The Grand Isle Migratory Bird Fest is scheduled for the weekend of April 15. There are plenty of family activities, workshops, and field trips. They’ll have bird banding, a class on binoculars and spotting scopes, a trip to the butterfly dome and an art exhibit. There’s more but I’ll let you check it out at http://www.btnep.org/subsites/grandisle/grandislehome.aspx. And in the Fall in Louisiana, you’ll find Hummingbird and Butterfly Festivals in Folsom and Lafayette.
Mississippi is home to the Mississippi Sandhill Crane NWR. In the past the NWR has hosted a Crane Fest in May but I didn’t see it listed this year. See if you can do a little hunting for this one and let me know. I’d hate to know there is not a birding fest in coastal Mississippi. It’s so beautiful there. There is a Pascagoula River Nature Fest which has a tour of the White Ibis and Heron Rookery on Tuesday, April 12th from 9am to noon. This Rookery is believed to be the largest colonial nesting site in Mississippi. You’ll have to call for a reservation and seating is limited. That number is 228.475.0825.

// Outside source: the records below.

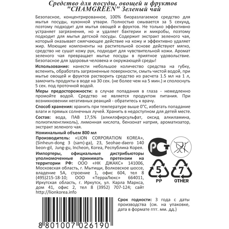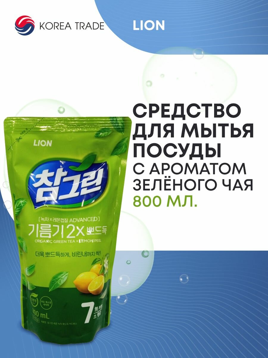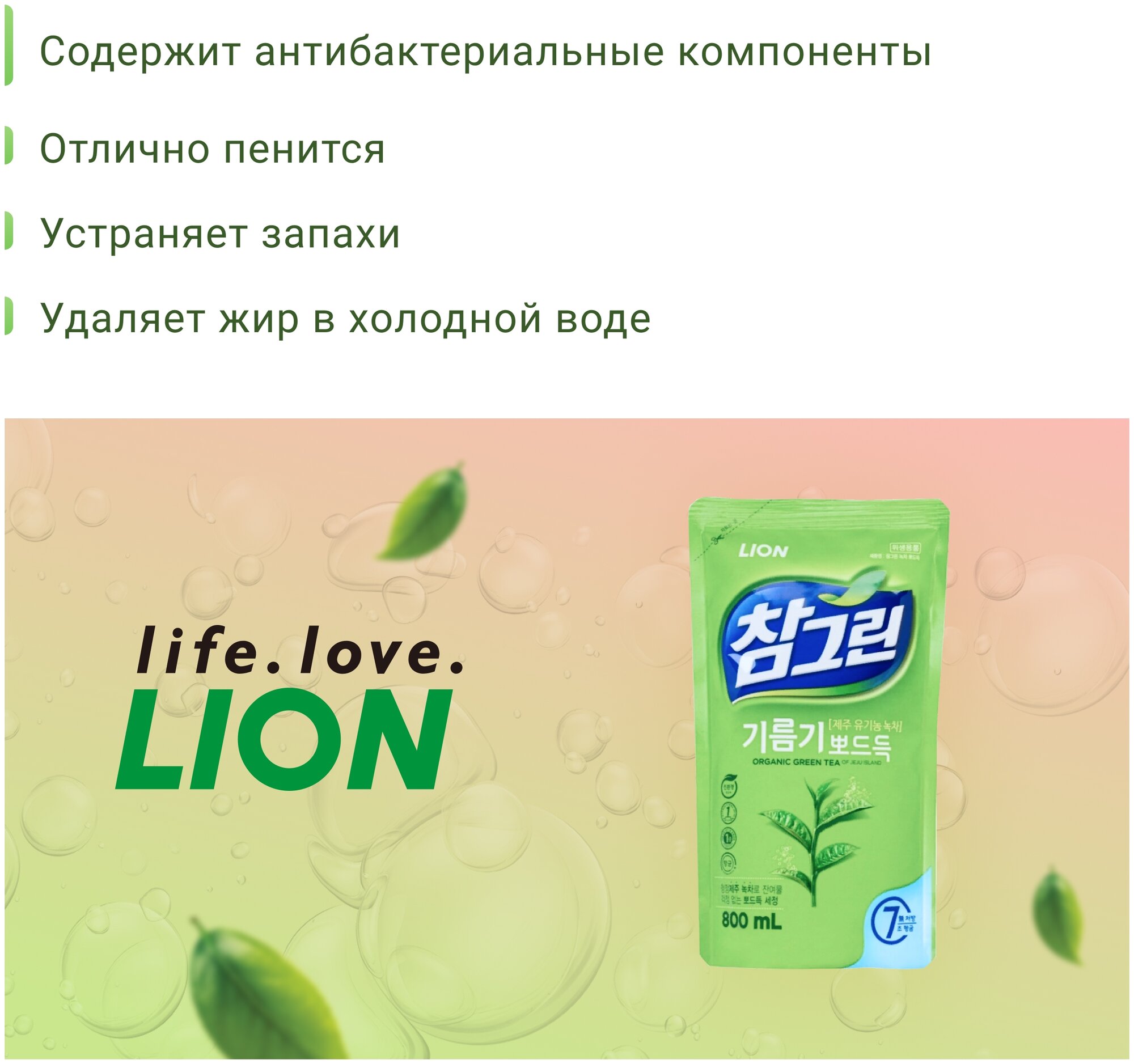 LION Chamgreen - Лион Жидкость для мытья посуды с ароматом зеленого чая, 800 мл -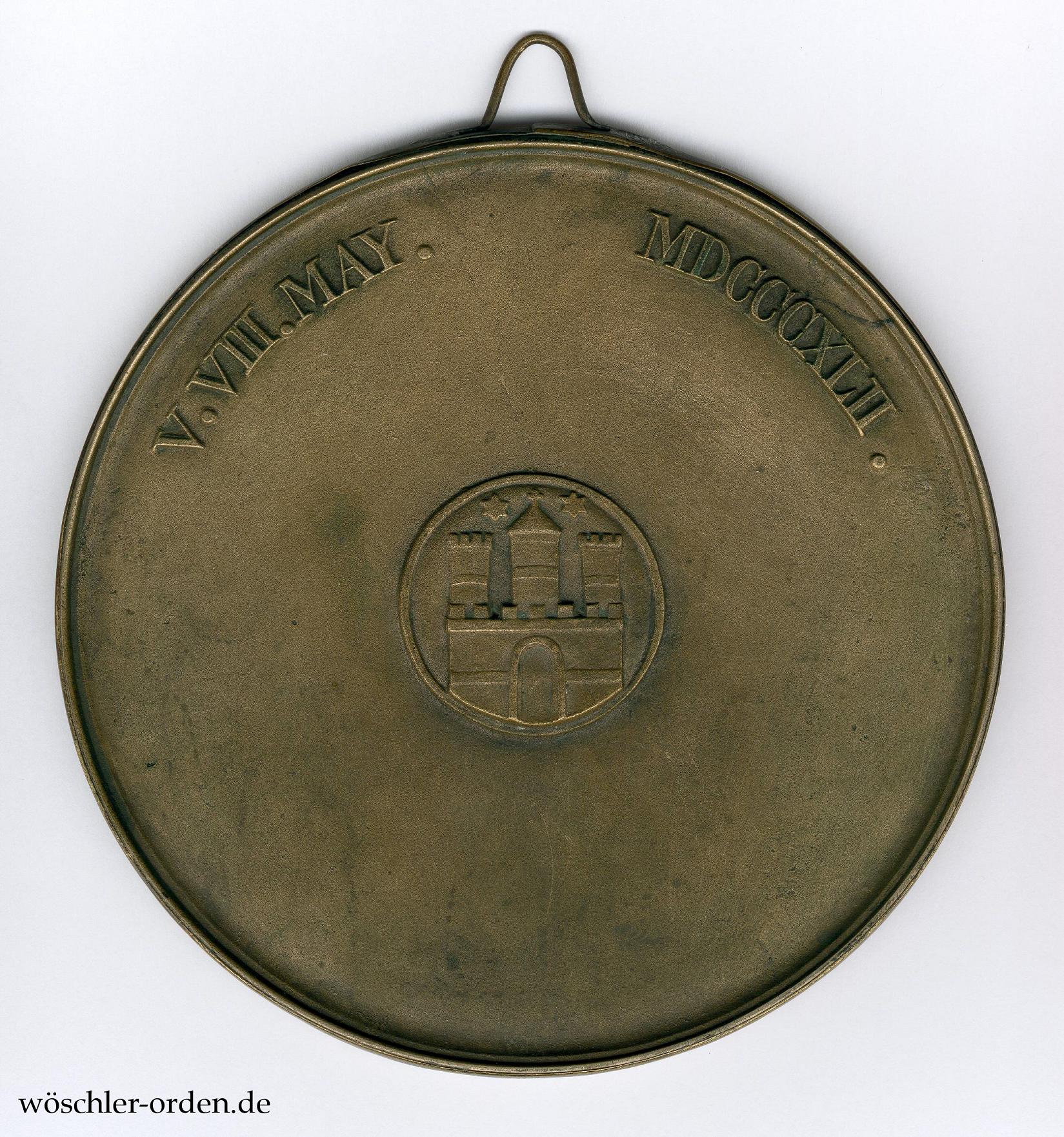 Bronzeguss, etwa 167 mm, wohl aus dem Glockenmetall der 1842 abgebrannten Hauptkirche. Vorderseitig sitzende Hammonia mit Mauerkrone, die Hand der vor ihr stehenden Germania haltend, die ein Füllhorn im linken Arm hält. Oben Inschrift „DEM DEUTSCHEN VATERLANDE DANK.“, unten das Stiftungsdatum „HAMBURG . MDCCCXLIII / VIII MAY“. Rückseitig in der Mitte das Hamburger Stadtwappen, oben „V. VIII. MAY.“ und „MDCCCXLII.“, also das Datum des „Großen Brandes“.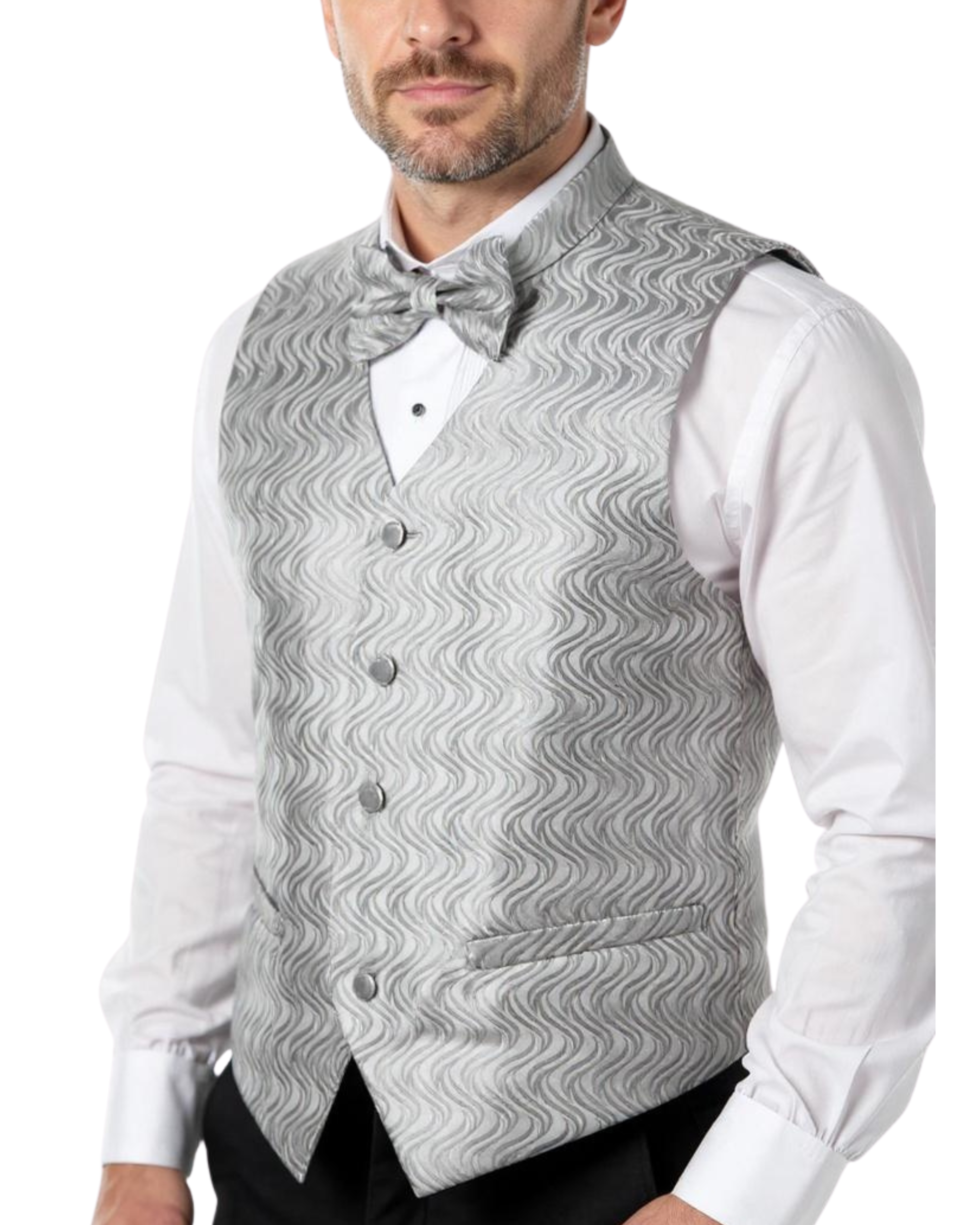 This distinguished and elegant formal vest set features a 100% Satin Microfiber body.  Includes vest, necktie, bowtie and pocket-square. This timeless quality set is sure to keep you looking smashing and turning heads at your next formal attire engagement.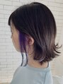 アクセサリーカラーでブルーを入れてます。もともとのカラーが前回暗めのカラーだった事もあり、ブリーチ2回して17レベルまで抜いてます。全体のベース赤味を抑えたカラーをしてます。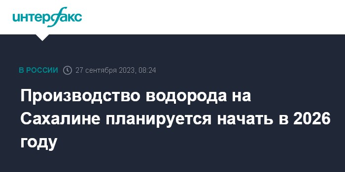 Производство водорода на Сахалине планируется начать в 2026 году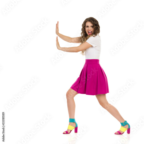 Fototapeta premium Young Woman In Colorful High Heels, Pink Mini Skirt And White Top Is Pushing...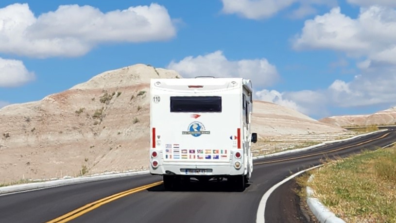 We took the backroads to the eastern entrance to the Badlands National Park at Interior, SD and headed west to Wall on the Badlands Loop Road. RVs, travel trailers, and SUVs were among the others exploring this majestic part of the country … we even followed a Caravan that had come from France!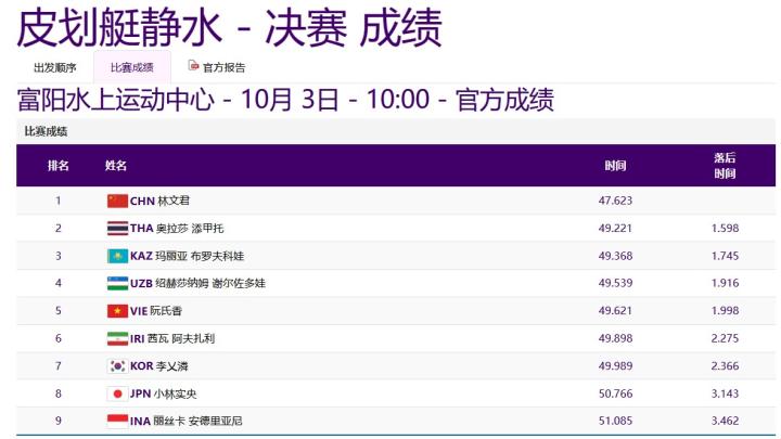 第148金!亚运会女子200米单人划艇决赛:林文君夺金ZeroTsu_02 @懂球帝2023-10-03 10:12北京时间10月3日,第19届杭州亚运会皮划艇静水项目,女子200米单人划艇决赛,中国选手林文君夺金,这也是中国代表团的第148枚金牌。亚运会女子200米单人划艇决赛,中国选手林文君以47.623的成绩夺得冠军,亚军是泰国选手,季军是哈萨克斯坦选手。展开更多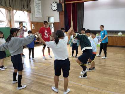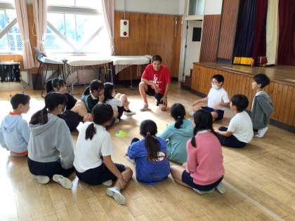 今日は、5、6年生の教室に夢先生の石川直生先生が来てくださいました。キックボクシングのチャンピオンになられた方です。はじめは、集会室でナオキックと一緒にゲームをしました。手をつないだままフラフープをくぐったり、ボールが手から離れている間だけ動けるルールで、みんなで手をつないだままゴールを目指したりしました。テーマは協力。どうしたらタイムを縮められるか、ゴールまでたどりつけるか、ナオキックと一緒に作戦を立てました。やってみて、みんなでどうしたらいいか考えて、もう一度チャレンジです。チャレンジするたびにまとまりが生まれてきました。協力することの大切さを体感しました。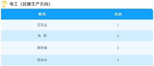 经过数轮紧张有序的比拼,最终揭晓了前三名的归属。民爆生产民爆行业电工类主要体现参赛选手细致入微的电路连接与排查较量, 每一个瞬间都让人热血沸腾, 生动展现了参赛选手们精湛的技艺、 顽强的拼搏精神和高度的专业素养。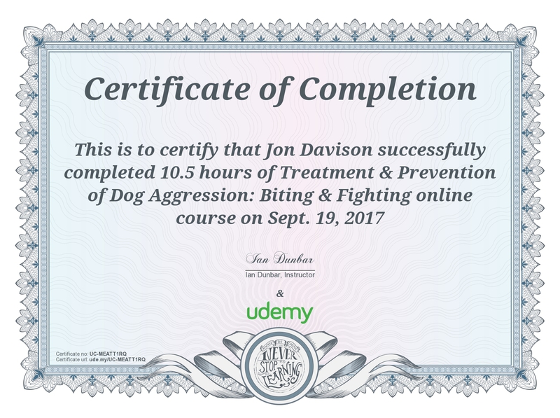 CPD (Continuing Professional Development) is massively important in the Dog Training World as we are learning new things through science every day -- it is vital to keep up to date -- Below is my evidence to you that I maintain this each and every year!!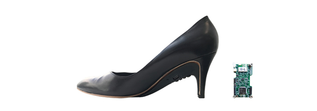 スマートヒールは、モーションセンサとBLE(Bluetooth Low Energy)を備えた、ハイヒール型のIoTデバイス。ハイヒールの歩き方を改善するための実用的なデバイスとしては世界初の製品で、センサ値から適切な歩行指導を行うアプリと組み合わせることで、ユーザーが自分自身の歩き方を確認・評価できる。歩行指導アプリの診断・指導アルゴリズムはジャパンヘルスケアが担当し、デバイスの開発はno new folk studioが行った。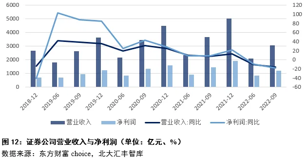▶ 证券业营收利润下降:受资本市场大幅度波动影响,2022年上市券商的业绩表现被大幅拖累,同比显著下滑。截止2022年三季度末,证券公司营业收入和净利润分别为3042.4和1167.6亿元,分别同比减少16.9%、18.9%。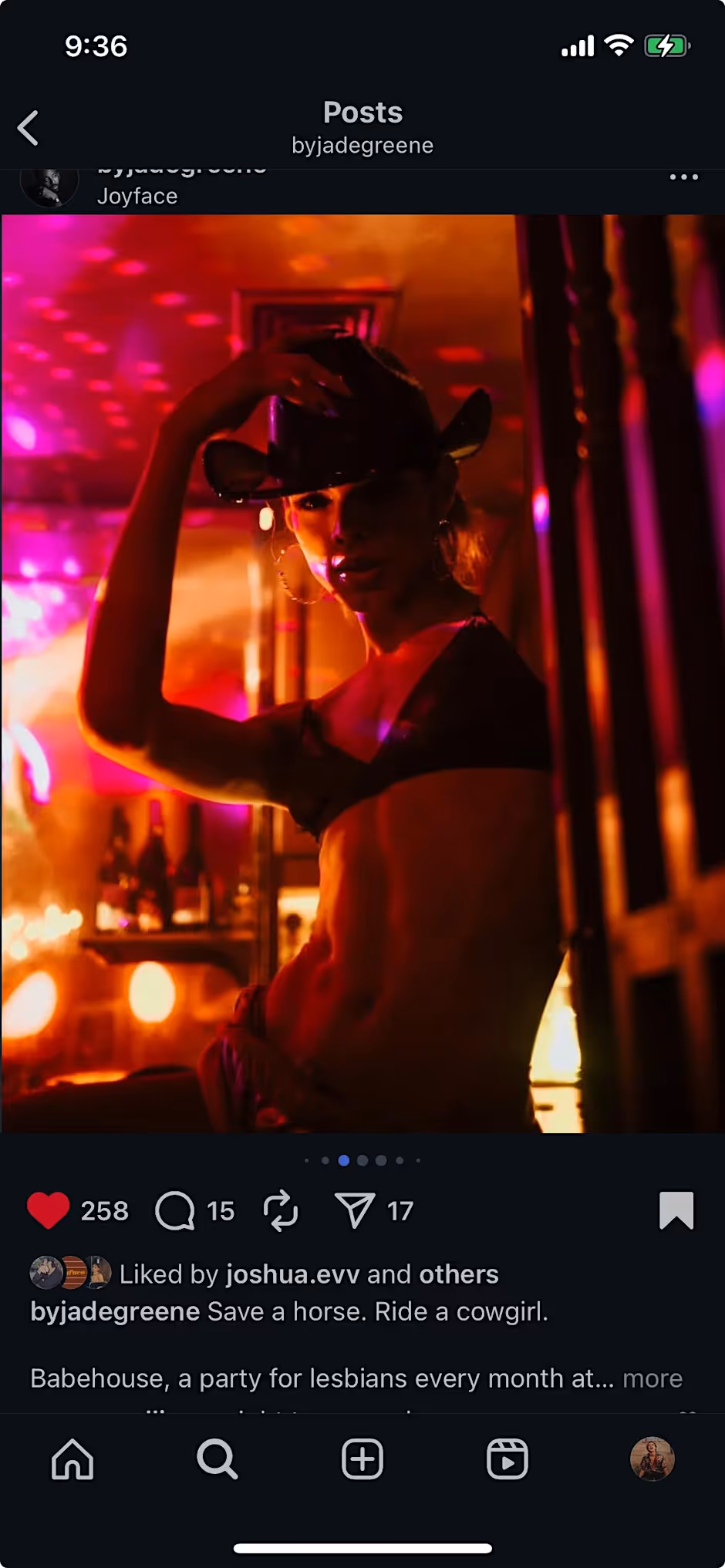 September 17th, BabeHouse goes BROKEBACK. Joyface, 9-late. $10 cover. Wear your best cowgirl fit. Featuring DJ Jenny Albright, and sapphic showgirls.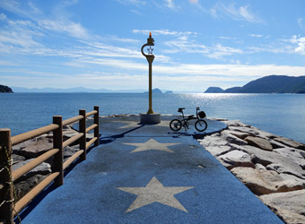 油宇漁港から続く通行止め区間を過ぎたところでオレンジロードを抜けて、南岸沿いの道路に出て星のビーチへ。星型のモニュメントが建つ2つの突堤があり写真撮影にいい場所。ここもロードバイクで訪れてとても気に入った場所だが、スタンドを付けていないロードバイクではイイ感じに写真を撮ることが出来なかった。今回は安定性の高いスタンドを装備した自転車なので、好きなところに自転車を停めて撮影できる。綺麗な風景をバックして愛車を撮るのは本当に楽しい。 |

Alabama has it’s Coastal Bird Fest in October, however, the state is host to other events in the Spring. Among these are the bird banding at Ft. Morgan. This year it is scheduled from April 2-14. There are usually two locations for banding at this site. It’s lots of fun. Last Fall, I was able to hold a bird and release it after it was banded; so sweet. If you get the opportunity to go, please do so. Then head to the beach. Just outside the entrance to Ft. Morgan is a road to the beach. It’s a little rickety; try to keep two wheels on the asphalt and you’ll be fine. There are a ton of other entrances to the beach and of course, there’s Gulf Shores. The beach is beautiful there.
Now, for Florida. This state is so large and filled with coast that it’s going to be hard to list all the festivals that take place there in my little blog. So, I’m going to point you to a website that lists them. I really don’t know if it lists them all but it’s good place to start for your birding activities this spring. http://www.nsis.org/bird/news/annualevents.html.
Don’t forget your birding trail maps and guides in each state. If you’re driving, you can usually get a copy at each state’s Welcome Centers along the interstate. In TX it’s called the Great Texas Coastal Birding Trail, Louisiana calls theirs America’s Wetland Birding Trail. You’ll also find the Mississippi Coastal Birding Trail, Alabama Gulf Coast Birding Trail, and the Great Florida Birding Trail which is so extensive it’s available in regional maps. You can find information about them all on the internet; but if you don’t travel with an iPad you’ll want to stop and pick up these maps.
International Migratory Bird Day is always the second weekend in May. This is a day to celebrate, well, bird migration! Bird Day is celebrated in Canada, the United States, Mexico, Central and South American and the Caribbean. There is so much information about it you should just go to the website: www.birdday.org.